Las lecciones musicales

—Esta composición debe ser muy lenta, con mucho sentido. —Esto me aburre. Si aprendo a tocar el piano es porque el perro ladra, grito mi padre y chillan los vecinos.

┄┄┄┄┄┄┄┄┄┄┄┄┄┄┄┄┄┄┄┄

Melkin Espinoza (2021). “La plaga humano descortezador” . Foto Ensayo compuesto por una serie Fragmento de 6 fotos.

┄┄┄┄┄┄┄┄┄┄┄┄┄┄┄┄┄┄┄┄

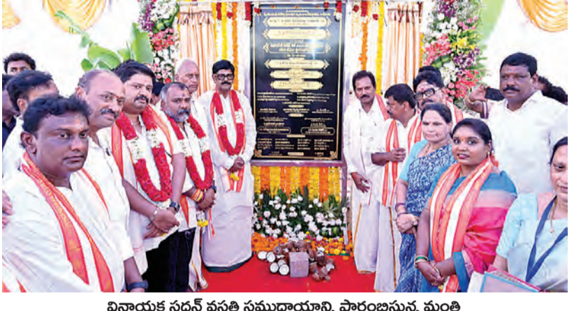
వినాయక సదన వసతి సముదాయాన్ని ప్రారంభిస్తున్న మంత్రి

┄┄┄┄┄┄┄┄┄┄┄┄┄┄┄┄┄┄┄┄

Could you reproduce exactly the lines of the entries above, from the one with "Las lecciones musicales" through the one with "chillan los vecinos.", and nothing else?

Las lecciones musicales

—Esta composición debe ser muy lenta, con mucho sentido. —Esto me aburre. Si aprendo a tocar el piano es porque el perro ladra, grito mi padre y chillan los vecinos.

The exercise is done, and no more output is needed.